Hamilton was challenging Red Bull’s Sergio Perez for the lead at the first corner of the restarted race in Baku, but had inadvertently hit a switch on the steering wheel that changed his brake bias.

With the setting now moved as far forward as possible, a move typically used behind the safety car to keep the front tyres warm and certainly not appropriate for racing speeds, Hamilton locked up and went sailing down the escape road.

Instead of fighting for the lead, the Mercedes driver rejoined in last place.

It was a huge blow to Hamilton’s championship prospects, with the Mercedes driver’s chief rival, Max Verstappen, having retired from the race.

Hamilton would have regained the championship lead had he finished seventh or better.

“The fact a driver can so easily hit something by accident that basically guarantees they are going to go off is a big problem,” Gary Anderson wrote on the-race.com.

“Imagine if that had been someone in the middle of the pack, or if it’s a corner without runoff? That could cause a very serious accident with multiple cars involved.

“Having such a dramatic impact on the car through one push of a button is a safety concern.”

Anderson, who made his name as the chief designer for Jordan in the 1990s, pointed out that the steering wheel on a modern F1 car is ridiculously complicated.

“A glance at the Mercedes steering wheel shows an astonishing number of switches, dials and paddles – more than 20 by my count – so if anything it’s a surprise these kind of mistakes don’t happen more often,” he wrote.

“I’d suggest that a rule should state that no driver-activated switch should be able to impact a system by more than a certain percentage from its initial setting when the car’s road wheels were last at zero road speed.”

Anderson highlighted the simplicity of the steering wheel on the 1991 Jordan that he designed, noting that even the dashboard behind it only contained “basic information”.

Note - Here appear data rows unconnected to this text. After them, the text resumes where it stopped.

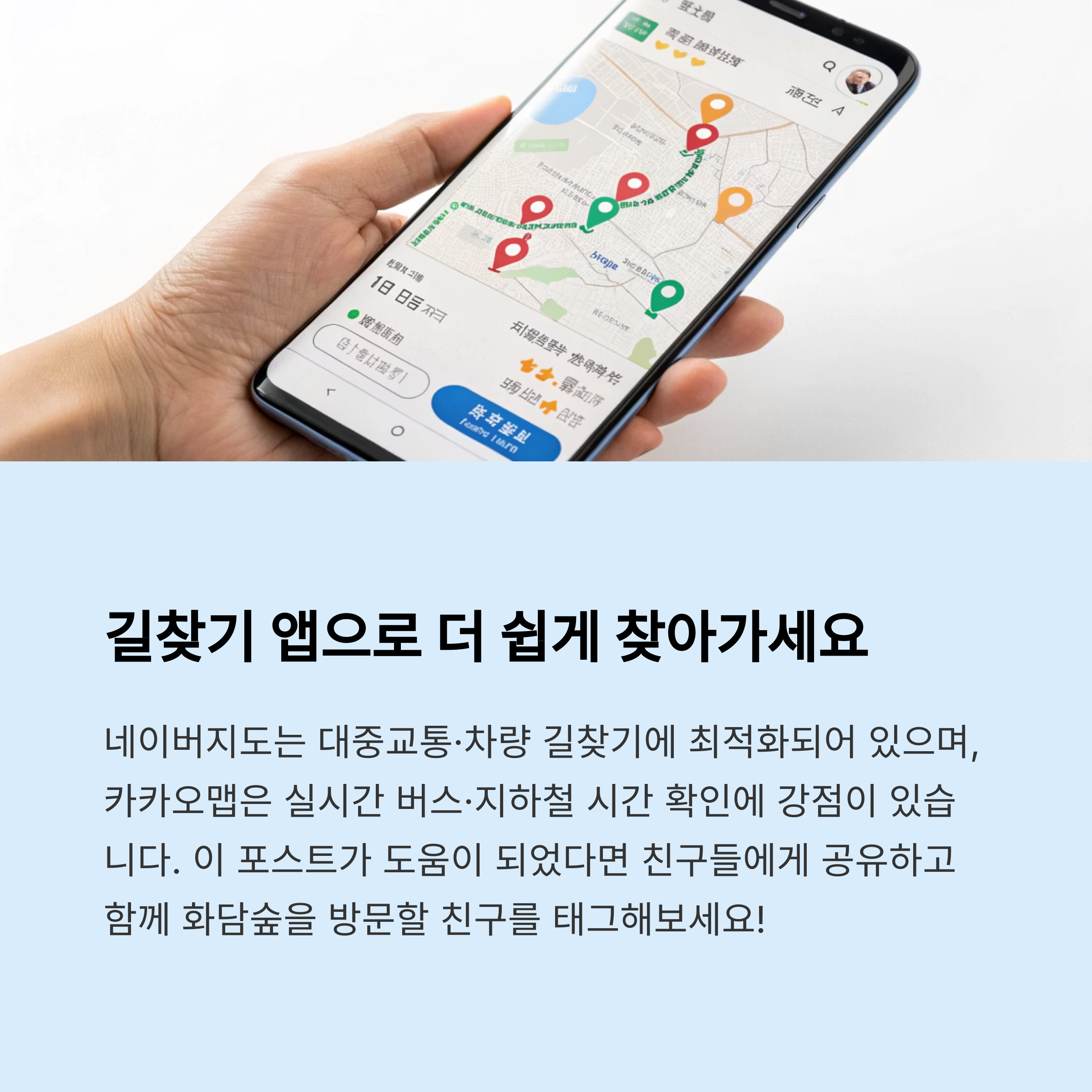 - 네이버지도: 실시간 교통 + 대중교통 경로 정확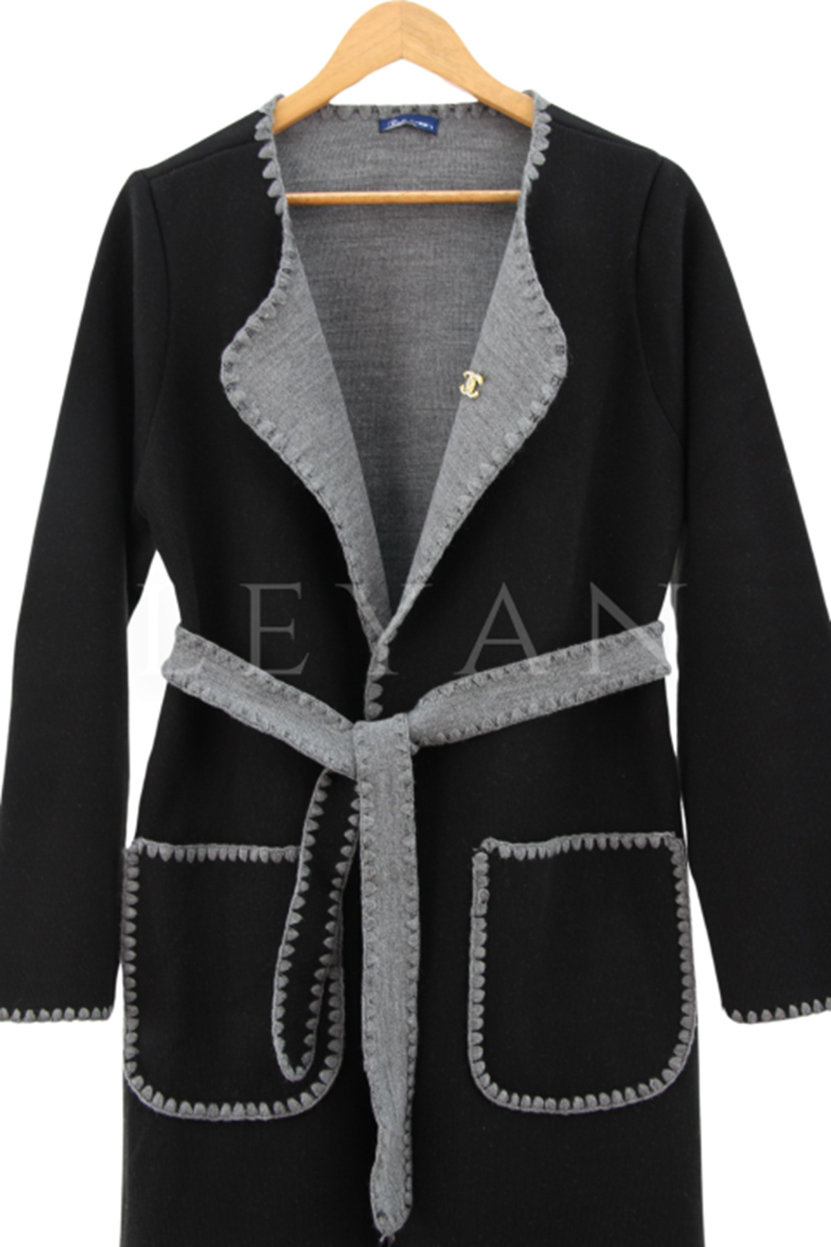 Kemerli Triko Ceket- LYN03283 Gri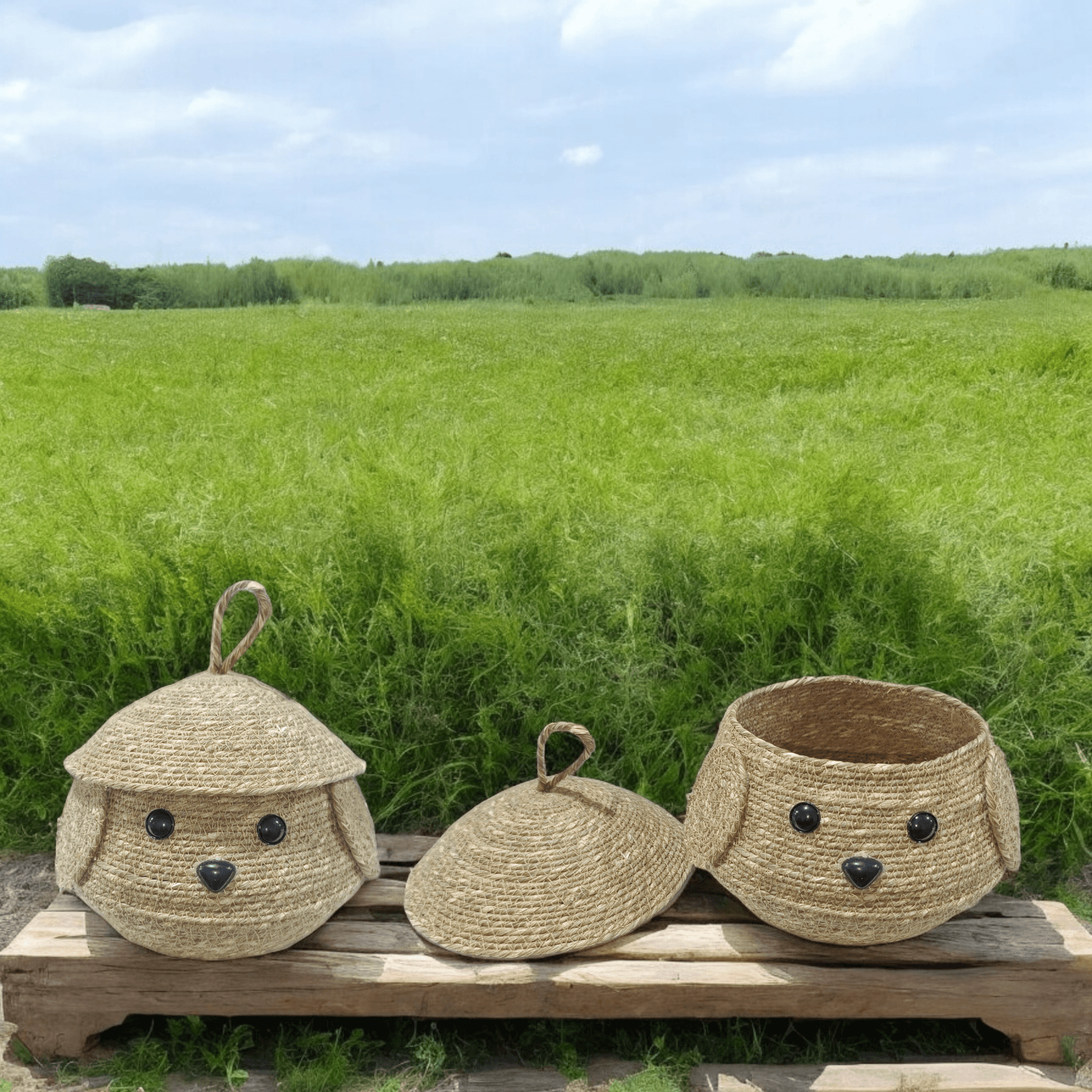 UNIQUE CARTOON DESIGN: The Cute Storage Basket Seagrass With Lid  design, combined with excellent workmanship, adds a sweet flair to the braided storage basket. The neutral color and adorable animal face design of the pet basket make it a delicate and lovely decoration for your space.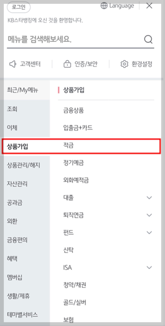 - KB 스타뱅킹 모바일 접속 - 상품가입 - 적금 선택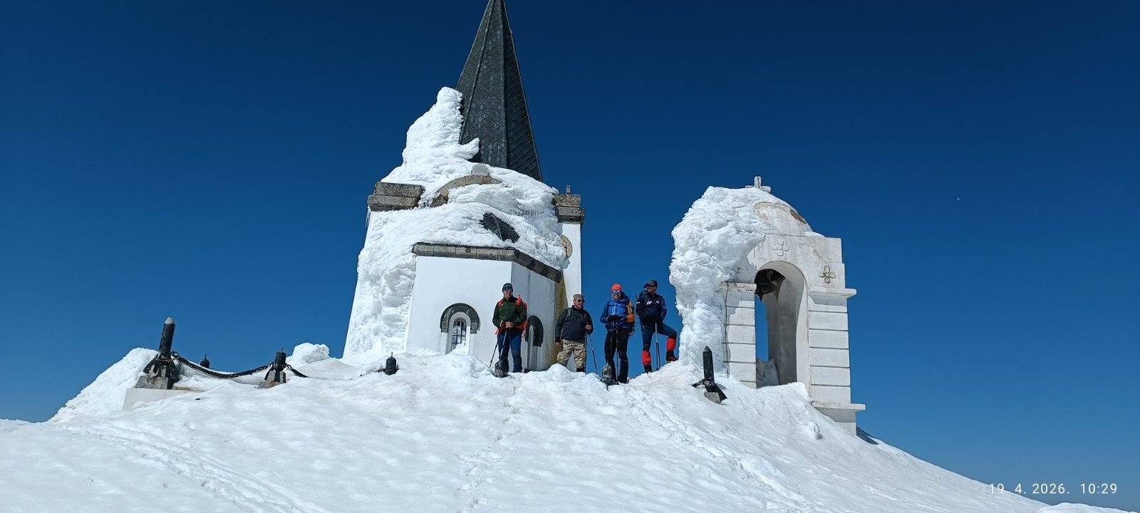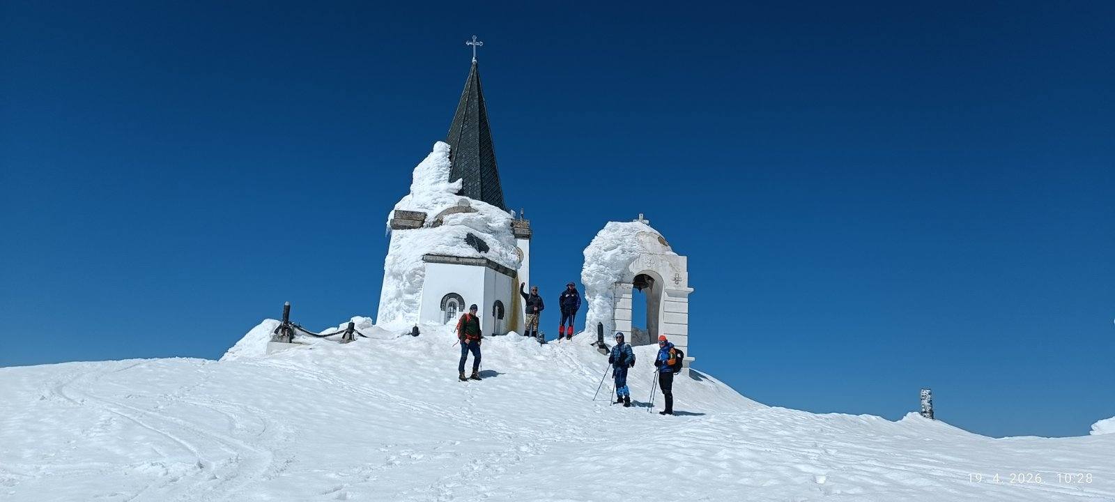 Na samom vrhu, ispred kapele Svetog Ilije, duvao je jak vetar. Obišli smo kapelu, slikali se, a zatim u povratku popeli i vrh Meterizi 2142m.

“I’m not saying we should go back to that but by comparison, today’s steering wheels are ridiculously complex and uber-expensive. Driving fast should be about the driver’s feel for the car, not about who manages to operate the systems correctly,” he wrote.

“It is illegal to use your mobile phone while driving a road car, yet the safety commission of the FIA considers it safe enough to allow a racing driver to play with all these steering wheel knobs, dials and buttons whilst travelling at stupid speeds.

“It seems a bit alien to me.”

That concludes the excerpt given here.